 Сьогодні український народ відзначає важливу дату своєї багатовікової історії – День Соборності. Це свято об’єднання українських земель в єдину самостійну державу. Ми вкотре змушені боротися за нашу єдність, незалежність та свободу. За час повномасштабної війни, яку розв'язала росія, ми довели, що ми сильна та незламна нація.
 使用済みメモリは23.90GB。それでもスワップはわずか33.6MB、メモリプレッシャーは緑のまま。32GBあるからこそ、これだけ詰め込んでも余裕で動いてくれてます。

------------------------------------------------

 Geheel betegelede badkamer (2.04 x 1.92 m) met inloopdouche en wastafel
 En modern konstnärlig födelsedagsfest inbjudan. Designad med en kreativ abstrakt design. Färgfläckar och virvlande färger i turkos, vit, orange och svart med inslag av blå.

------------------------------------------------

YOUR GOAL -
Could you return exactly the lines above from the line with "Geheel betegelede badkamer" to the line with "En modern konstnärlig", both included, and nothing else?

RESPONSE TO THIS EXERCISE -
 Geheel betegelede badkamer (2.04 x 1.92 m) met inloopdouche en wastafel
 En modern konstnärlig födelsedagsfest inbjudan. Designad med en kreativ abstrakt design. Färgfläckar och virvlande färger i turkos, vit, orange och svart med inslag av blå.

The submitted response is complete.